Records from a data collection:

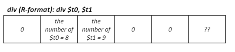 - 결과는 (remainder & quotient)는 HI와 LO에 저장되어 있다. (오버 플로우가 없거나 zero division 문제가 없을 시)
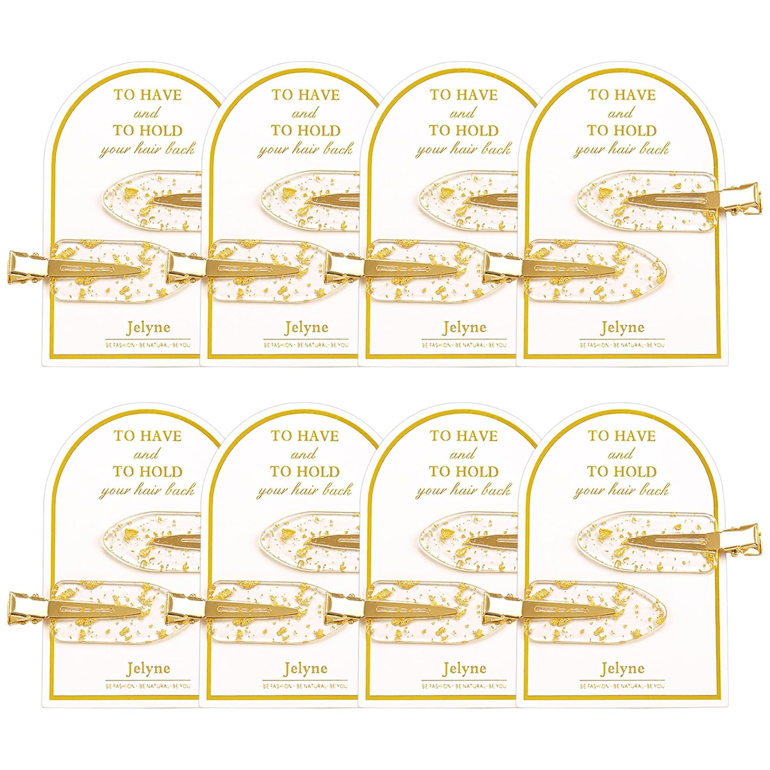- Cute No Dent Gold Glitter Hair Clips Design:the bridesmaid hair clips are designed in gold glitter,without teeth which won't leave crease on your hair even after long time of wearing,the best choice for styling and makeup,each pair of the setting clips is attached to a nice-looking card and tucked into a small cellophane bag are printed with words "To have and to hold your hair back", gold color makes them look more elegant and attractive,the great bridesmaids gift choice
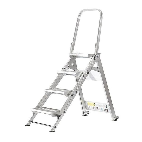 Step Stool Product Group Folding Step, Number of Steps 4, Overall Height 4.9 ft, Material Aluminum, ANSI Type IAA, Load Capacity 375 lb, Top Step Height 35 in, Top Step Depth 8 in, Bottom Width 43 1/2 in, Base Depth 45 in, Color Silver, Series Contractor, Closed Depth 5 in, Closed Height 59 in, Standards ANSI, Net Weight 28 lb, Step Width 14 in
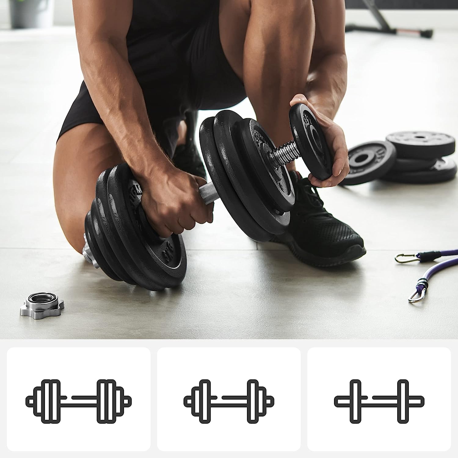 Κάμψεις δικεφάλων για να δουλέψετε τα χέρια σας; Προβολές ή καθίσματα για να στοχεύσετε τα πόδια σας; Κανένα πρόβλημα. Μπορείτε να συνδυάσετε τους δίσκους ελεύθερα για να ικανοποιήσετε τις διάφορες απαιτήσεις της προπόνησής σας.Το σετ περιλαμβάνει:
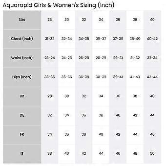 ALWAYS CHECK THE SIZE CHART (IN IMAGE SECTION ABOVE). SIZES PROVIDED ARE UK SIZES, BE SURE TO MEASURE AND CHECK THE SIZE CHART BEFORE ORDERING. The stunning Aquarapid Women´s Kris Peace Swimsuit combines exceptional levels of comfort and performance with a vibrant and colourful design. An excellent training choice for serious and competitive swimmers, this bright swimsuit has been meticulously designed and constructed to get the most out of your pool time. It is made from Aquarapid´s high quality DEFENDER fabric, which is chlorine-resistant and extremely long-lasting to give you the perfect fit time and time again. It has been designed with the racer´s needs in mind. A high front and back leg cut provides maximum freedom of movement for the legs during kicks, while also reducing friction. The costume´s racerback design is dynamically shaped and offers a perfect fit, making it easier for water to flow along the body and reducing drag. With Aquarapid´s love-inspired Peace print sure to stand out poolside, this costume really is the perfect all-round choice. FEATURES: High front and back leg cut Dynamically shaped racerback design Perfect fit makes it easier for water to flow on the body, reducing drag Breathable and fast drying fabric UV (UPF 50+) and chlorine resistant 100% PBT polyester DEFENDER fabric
---
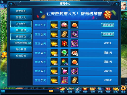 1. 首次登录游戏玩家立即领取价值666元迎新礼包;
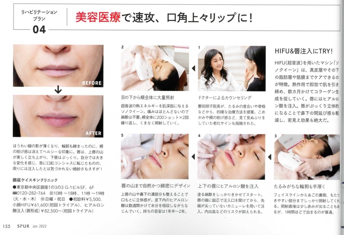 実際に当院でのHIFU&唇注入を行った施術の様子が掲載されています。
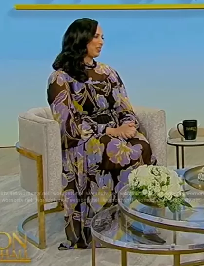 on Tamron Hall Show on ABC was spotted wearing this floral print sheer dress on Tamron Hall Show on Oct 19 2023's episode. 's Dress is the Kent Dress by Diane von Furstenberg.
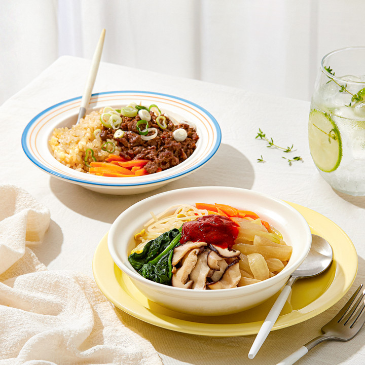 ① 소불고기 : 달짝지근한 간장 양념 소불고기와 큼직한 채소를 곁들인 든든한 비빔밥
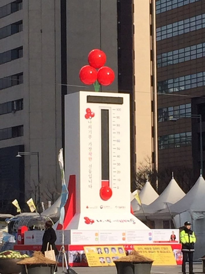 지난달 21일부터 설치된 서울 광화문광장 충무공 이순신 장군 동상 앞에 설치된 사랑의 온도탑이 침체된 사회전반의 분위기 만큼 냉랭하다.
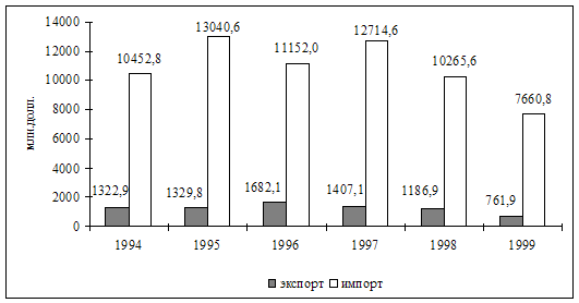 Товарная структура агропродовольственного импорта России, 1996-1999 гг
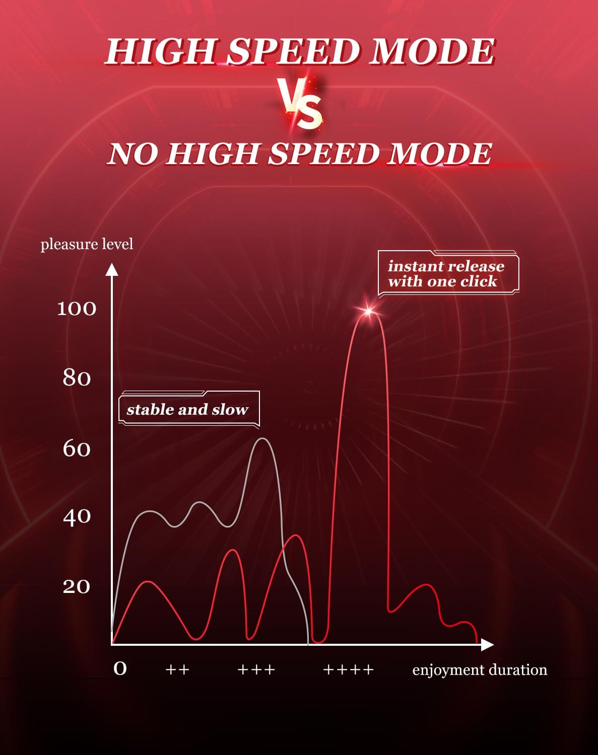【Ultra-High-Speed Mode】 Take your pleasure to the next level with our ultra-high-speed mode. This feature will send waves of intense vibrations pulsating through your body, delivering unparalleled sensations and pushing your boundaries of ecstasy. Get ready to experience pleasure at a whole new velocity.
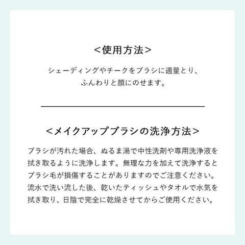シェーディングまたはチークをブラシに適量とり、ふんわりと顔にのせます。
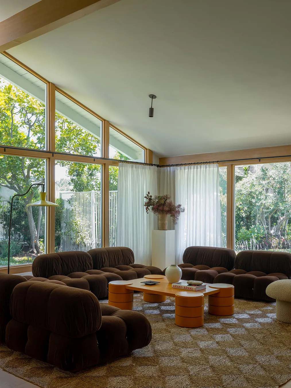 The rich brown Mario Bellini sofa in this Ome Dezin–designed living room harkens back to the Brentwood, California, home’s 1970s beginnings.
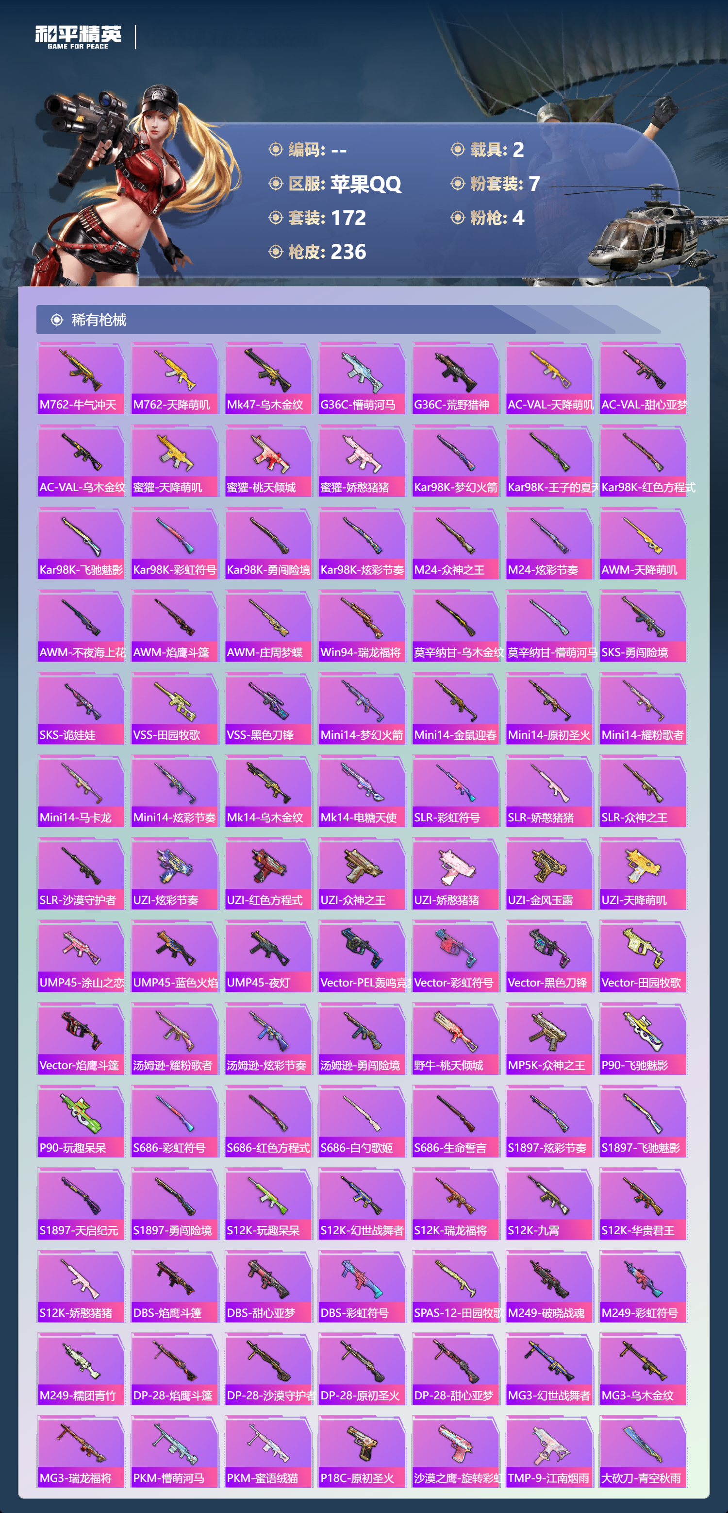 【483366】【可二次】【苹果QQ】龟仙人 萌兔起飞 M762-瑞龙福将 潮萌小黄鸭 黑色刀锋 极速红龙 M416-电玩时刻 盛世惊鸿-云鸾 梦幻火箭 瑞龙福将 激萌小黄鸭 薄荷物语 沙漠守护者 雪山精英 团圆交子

_Exercise_
The lines to copy exactly start with the line above that has "シェーディングまたはチークをブラシに適量とり、ふんわりと顔にのせます。" and go on through the line that has "沙漠守护者 雪山精英 团圆交子"; please include both, add nothing else, and omit the pictures.

_Exercise result_
シェーディングまたはチークをブラシに適量とり、ふんわりと顔にのせます。
 The rich brown Mario Bellini sofa in this Ome Dezin–designed living room harkens back to the Brentwood, California, home’s 1970s beginnings.
 【483366】【可二次】【苹果QQ】龟仙人 萌兔起飞 M762-瑞龙福将 潮萌小黄鸭 黑色刀锋 极速红龙 M416-电玩时刻 盛世惊鸿-云鸾 梦幻火箭 瑞龙福将 激萌小黄鸭 薄荷物语 沙漠守护者 雪山精英 团圆交子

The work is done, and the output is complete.